One thing you should note here is that if your mortgage company collects funds for property taxes and pays them on your behalf, then the amount they collect is not your actual property tax expense. Rather those funds should be allocated to a “Prepaid Taxes” account, and they become an expense when the bank pays the municipality on your behalf. Your bank will send you an annual mortgage statement, and the actual tax expense should be listed on that.
Travel:
You might travel to collect rents (if you own two or more properties), supervise repairs, and manage your properties.
Utilities:
You can deduct expenses for utilities, such as gas, oil, electricity, water, and cable, if your rental arrangement specifies that you pay for the utilities in question.
My electricity is billed every two months, but I set up monthly budget payments. The monthly payments go into a “prepaid expenses” account and the expenses come out of that account when I’m billed every two months.
Motor Vehicle Expenses:
You can deduct motor vehicle expenses in the following circumstances:
If you own one rental property:
You can deduct reasonable motor vehicle expenses if you
meet all the following conditions:
– you receive income from only one rental property that is in the general area where you live;
– you personally do part, or all, of the necessary repairs and maintenance on the property; and
– you have motor vehicle expenses to transport tools and materials to the rental property.
You cannot deduct motor vehicle expenses you incur to collect rents. These are personal expenses.

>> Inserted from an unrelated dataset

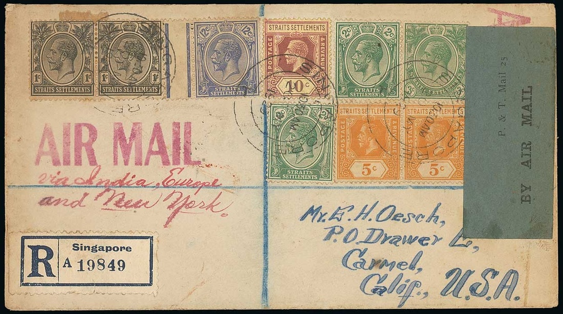 1929 (20 May) envelope registered from Singapore to California, marked "via India, Europe and New York", franked at 41c., showing "by air mail" etiquette at right, Singapore registration label at lower left and, on reverse, Penang (22.5), London (16.6), New York (26.6) and arrival (28.6) datestamps; the envelope with some light overall soiling. The earliest recorded Malayan airmail cover carried on the Karachi-London service, and nearly three months before the first acceptance of Malayan airmail by this Karachi-London service in August 1929. Photo

If you own two or more rental properties:
In addition to the expenses listed above, you can deduct reasonable motor vehicle expenses you incur to do any of the following:
– collect rents;
– supervise repairs; and
– generally manage the properties.
This applies whether your rental properties are located in or outside the general area where you live. However, your rental properties have to be located in at least two different sites away from your principal residence. The motor vehicle expenses that we consider to be reasonable depend on the circumstances of your situation.
Let’s say you drove 30,000 kms in a year, and 6,000 kms were related to managing your properties, then 20% (6,000 / 30,000) of your driving was related to earning rental income. Therefore, you should be able to deduct 20% of you total motor vehicles expenses.
You have to follow a couple of rules in order to do this, however. You must record the odometer reading at the start and end of the tax year in order to come up with the total kms driven throughout the year. You must also record the kms you drove to manage your properties in a daily log. You must have receipts for all of your motor vehicle expenses, such as: fuel and oil, license and registration, insurance, maintenance and repairs, and the interest portion of finance payments (you can’t deduct the principle portion, but you can depreciate it).
I try to use the same credit card for all of these types of purchases so I can verify the totals at year end. You can buy a handy little log book designed especially for this and you can record everything in there.
Other Expenses:
On this line, include the total amount of other expenses you incur to earn rental income and that you have not included on a previous line of Form T776. Some of these items might include landscaping costs, lease cancellation payments, and condominium fees.